#1
My first lyrics in English. I'd be thankful for every kind of rating, comments and advices.

Every morning deep inside
raging battles I must fight
for my spirit and body to rise
to fight again the war of old

To rise and stand in a hostile world
where everything goes wrong for me
and I must not show fatigue
so my beloved ones don't see

And the flame that once had given warmth
and driven me forward
now burns me from within
tears my soul apart

A thousand tongues of frosty fire
storm inside my heart each day
for I know better but still hope
for utopia's assault to come

I hope the light of hers
had enlightend my mind
instead of simply burning it
making me just blind

As well I hope that inner flame
will spend us enough warmth
to rise above with blades of virtute
and shields of love
to create the paradise

Hope that the tears of ours
to a ocen will unite
and flood the world to reshape it
so that humanity can escape
this hell on earth made by us
Quote by allislost
then i take back what i said and i award you with 10 points! use them wisely...


Enchance your Soling

Quote by funkyducky

desadaphas get's a nod from me
for he knows that tea pwns coffee


My first lyric in Englich
Last edited by desadaphas at Jun 29, 2009,
#2
Quote by desadaphas
My first lyrics in English. I'd be thankful for every kind of rating, comments and advices.

Every morning deep inside
raging battles I must fight
for my spirit and body to rise
to fight again the war of old
(I like this first verse. Its something people can relate too and is a good starting point)

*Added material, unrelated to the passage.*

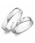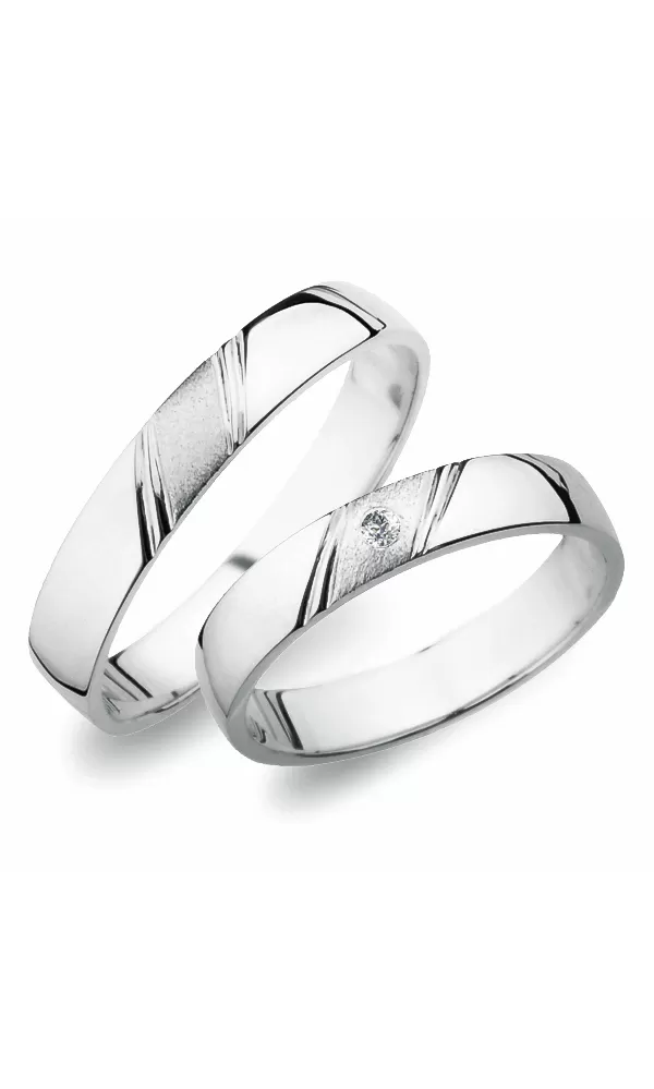 Snubné prstene vyrobené z bieleho štrnásťkarátového zlata 585/1000 polguľatého profilu. Na každom prsteni sú štyri ryhy a medzi nimi je diamantový mat. V dámskom prsteni je vsadený jeden okrúhly zirkón s briliantovým brusom Signity star, ktorý dodáva zirkónu oslnivú brilanciu. Do snubných prsteňov si môžete nechať staviť aj diamant. Kameň je vsadený do prsteňa "na hladko". Vsadzovanie zirkónov aj diamantov vykonávajú naši najskúsenejší majstri zlatníci ručne pod mikroskopom s presnosťou na 0,01 mm a preto nehrozí vypadnutie kamienkov ako to býva u strojne vyrábaných snubných prsteňov. Snubné prstene je možné vyrobiť v rôznych farebných kombináciách zlata. Ďalej je možné snubné prstene urobiť užšie - nižšia cena alebo širšie - vyššia cena.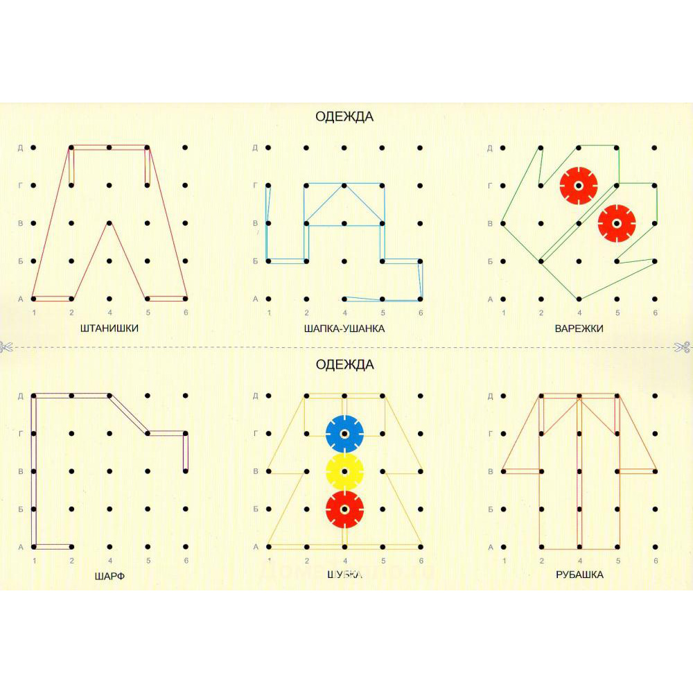 Предоставленные схемы помогают мальчикам и девочкам постичь основы плоского моделирования. С помощью резинок и фишек малыши конструируют заданный объект: кастрюлю, чашку, кровать, ёлку, платье, шарф, шапку, пылесос, стол, стул и многое другое. На внутренней стороне учебно-игрового альбома есть ряд рекомендаций и игр, которые помогут родителям и воспитателям в детских дошкольных учреждениях правильно и грамотно построить урок. На занятии в игровой форме будет донесена полезная информация и привиты новые навыки.

To rise and stand in a hostile world
where everything goes wrong for me
and I must not show fatigue
so my beloved ones don't see

(Reminds me of my father)

And the flame that once had given warmth
and driven me forward
now burns me from within
tears my soul apart

A thousand tongues of frosty fire
storm inside my heart each day
for I know better but still hope
for utopia's assault to come

(A little confused. Why utpoia's "assault"? )

I hope the light of hers
had enlightend my mind
instead of simply burning it
making me just blind

As well I hope that inner flame
will spend us enough warmth
to rise above with blades of virtute
and shields of love
to create the paradise

(Not trying to be a stickler because I assume its a typo, but did you mean virtue?)

Hope that the tears of ours
to a ocen will unite
and flood the world to reshape it
so that humanity can escape
this hell on earth made by us


My brief interpretation:

Its hard to live in a world that can be so cold and ugly at times. And where keeping any faith can be hard. But you are still optimistic that it all can change.

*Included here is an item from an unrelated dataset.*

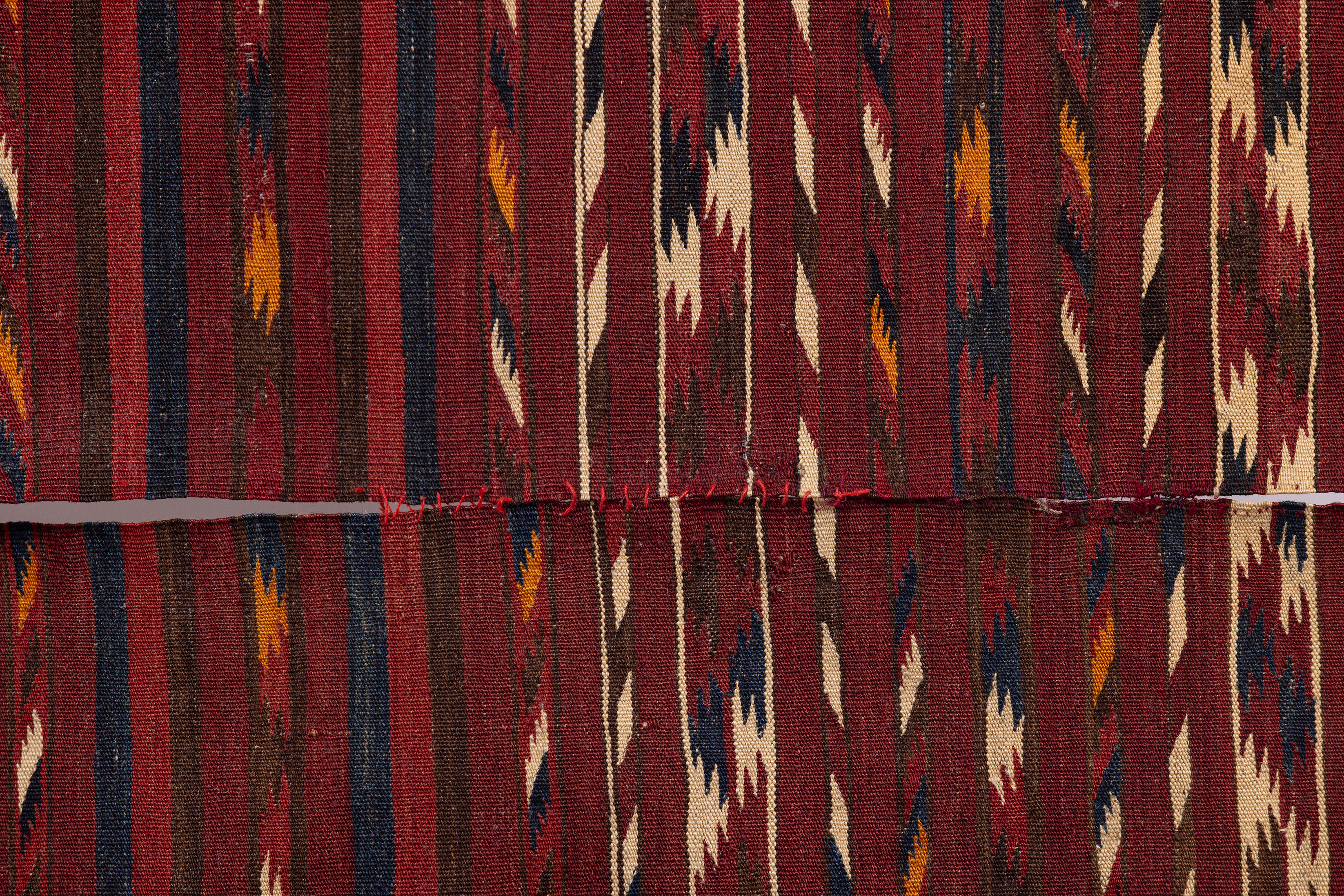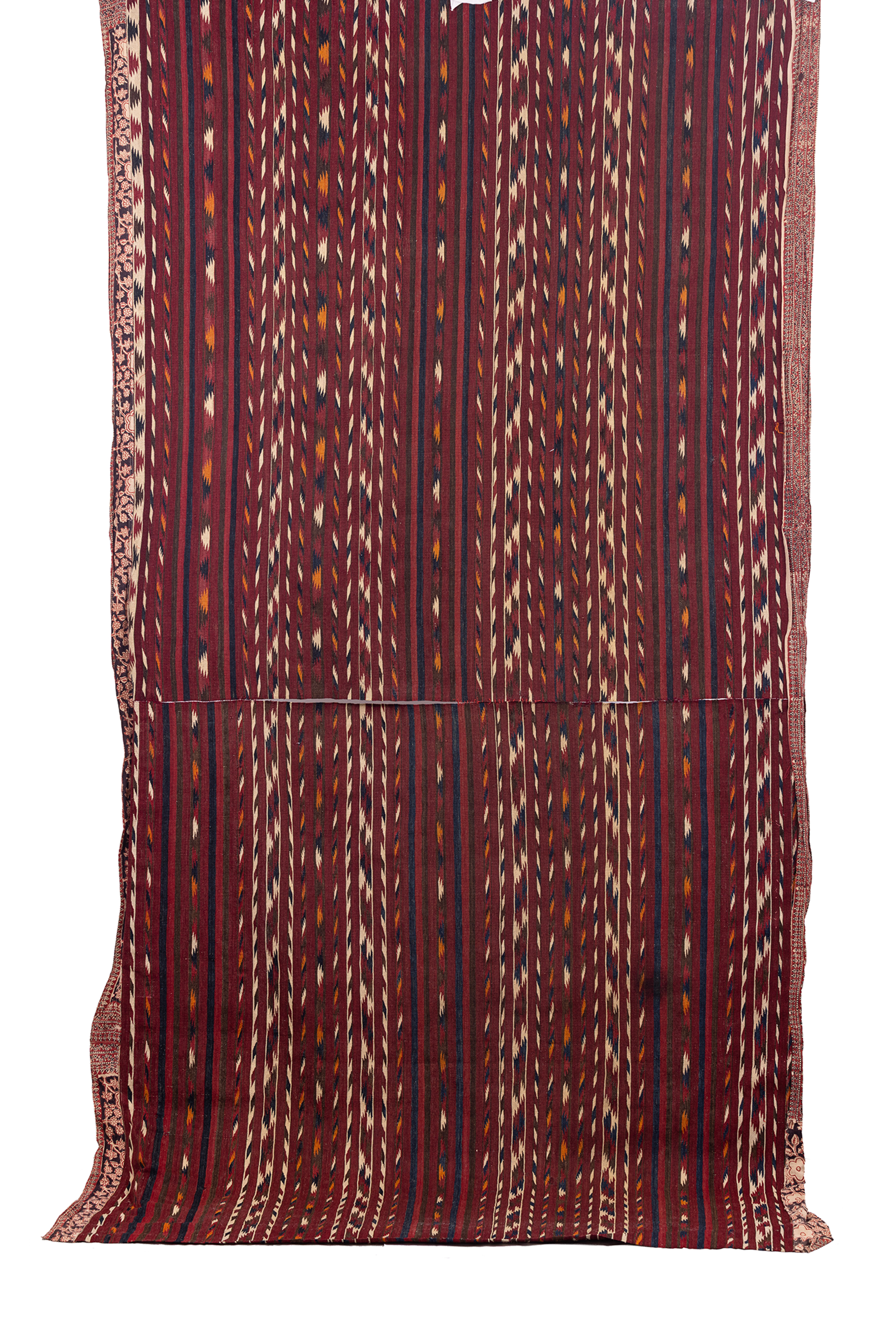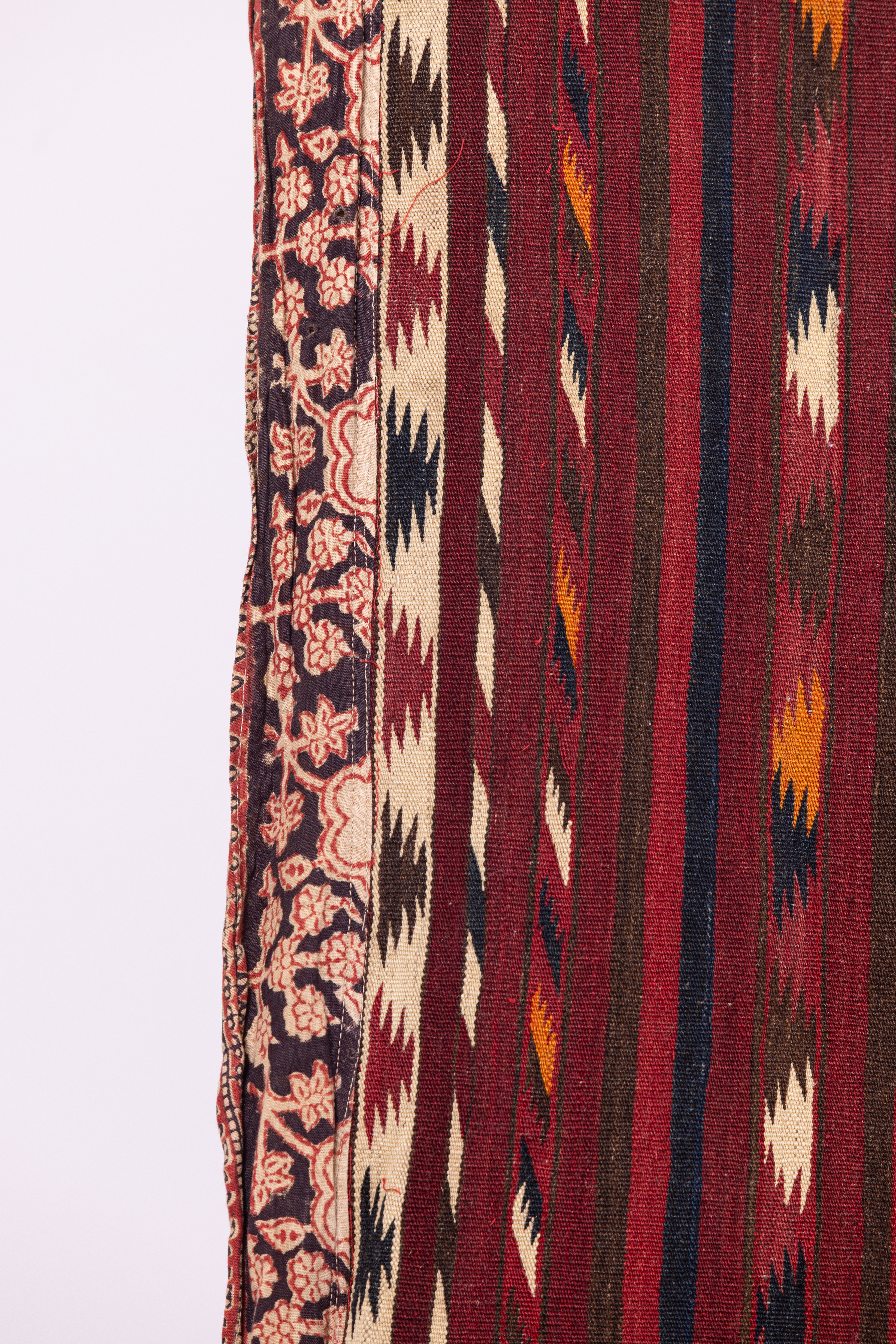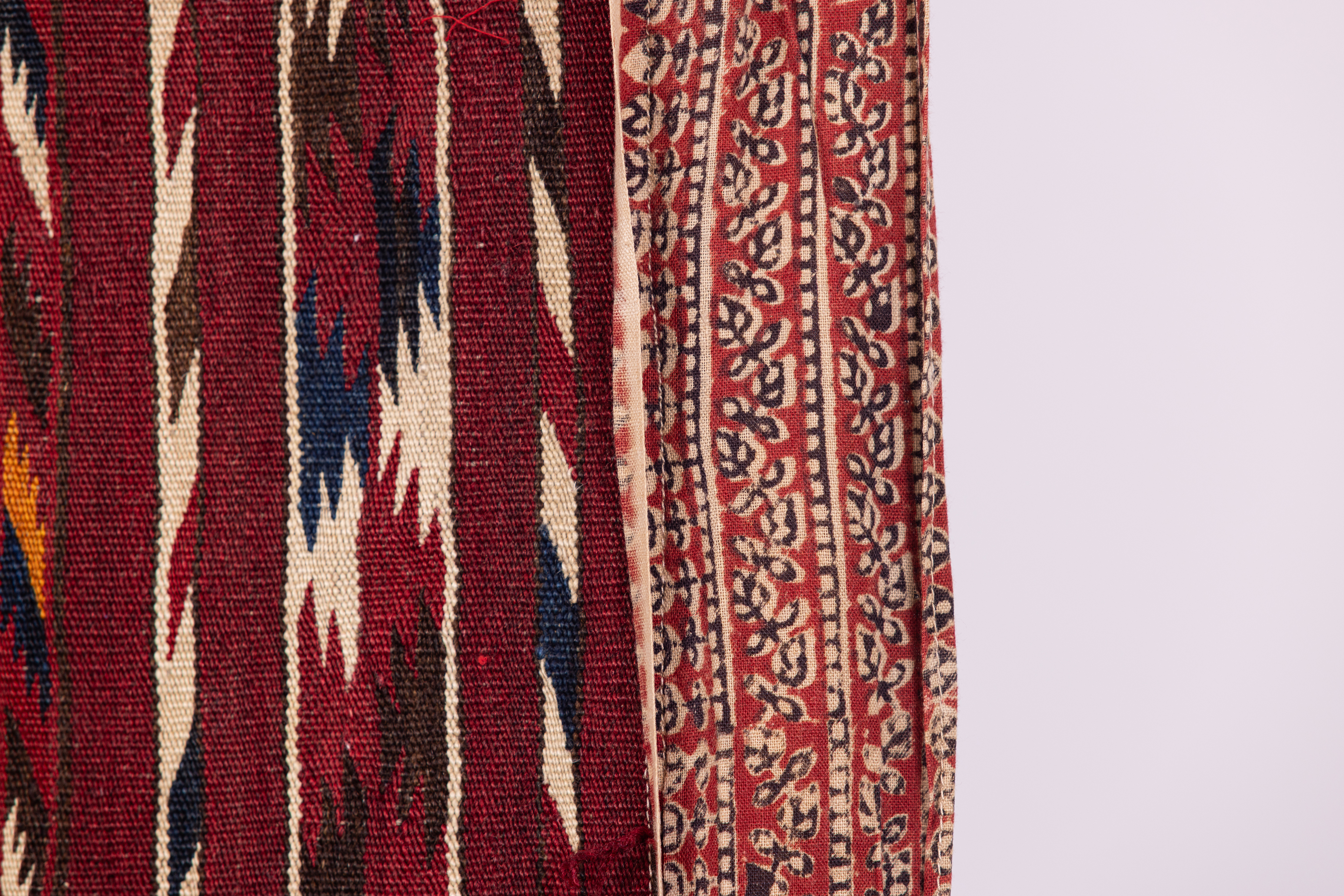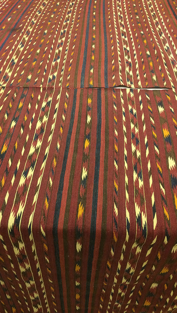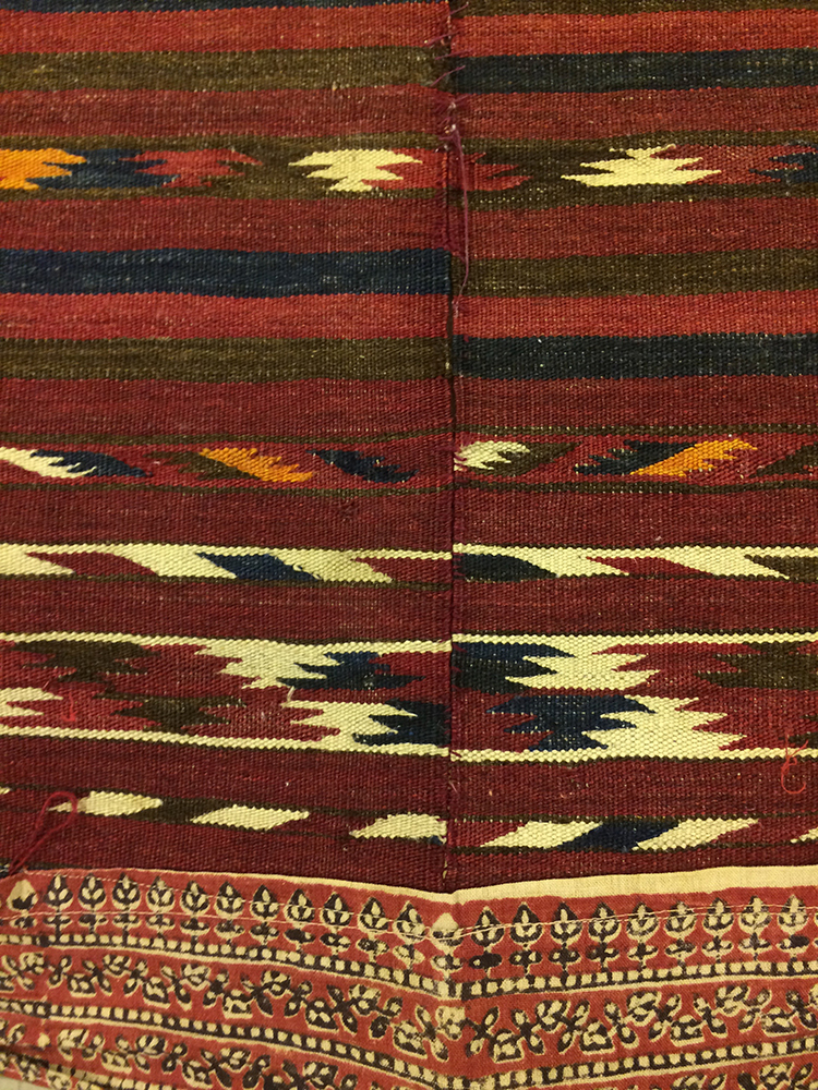 אריגת יד מצמר, שני חלקים זהים מחוברים יחדיו. ככל הנראה נועד לשימוש פנים החלל הביתי ככה"נ שטיח. על הבד נתפרו בשוליים בד הודי בטכניקת הדפסת חותמת, תוספת מאוחרת יותר שנועדה לשמור על קצוות הבד.

Also, are these lyrics for a song or just a poem?
#3
Quote by Chris189
(A little confused. Why utpoia's "assault"? )

Well, I ment the rise of utopia. But a fast, mighty rise, some kind of violent.
Quote by Chris189
(Not trying to be a stickler because I assume its a typo, but did you mean virtue?)

And I ment virtue (had too much latin, virtutis^^)
Quote by Chris189
Also, are these lyrics for a song or just a poem?

It's been a poem till now, but I'm thinking of turning it to music.


I'm really thankful for you've taken you time to read this through and even comment
Quote by allislost
then i take back what i said and i award you with 10 points! use them wisely...


Enchance your Soling

Quote by funkyducky

desadaphas get's a nod from me
for he knows that tea pwns coffee


My first lyric in Englich
#4
Quote by desadaphas
My first lyrics in English. I'd be thankful for every kind of rating, comments and advices.

Every morning deep inside
raging battles I must fight
I'm not sure what I think of the phrasing, this sentence is kind of 'backwards'. Don't know if that was intentional, but it weakens your lyrics a bit because it's like you're just saying words so they can rhyme, they don't really mean much themselves
for my spirit and body to rise
There are many more syllables in this line than there were in the two before, and this made the flow feel wrong
to fight again the war of old

To rise and stand in a hostile world
where everything goes wrong for me
and I must not show fatigue
so my beloved ones don't see
I didn't like the combination of show/see, as the first implies the second. Maybe use the fourth line here to progress the idea further? A reason behind why you mustn't do this?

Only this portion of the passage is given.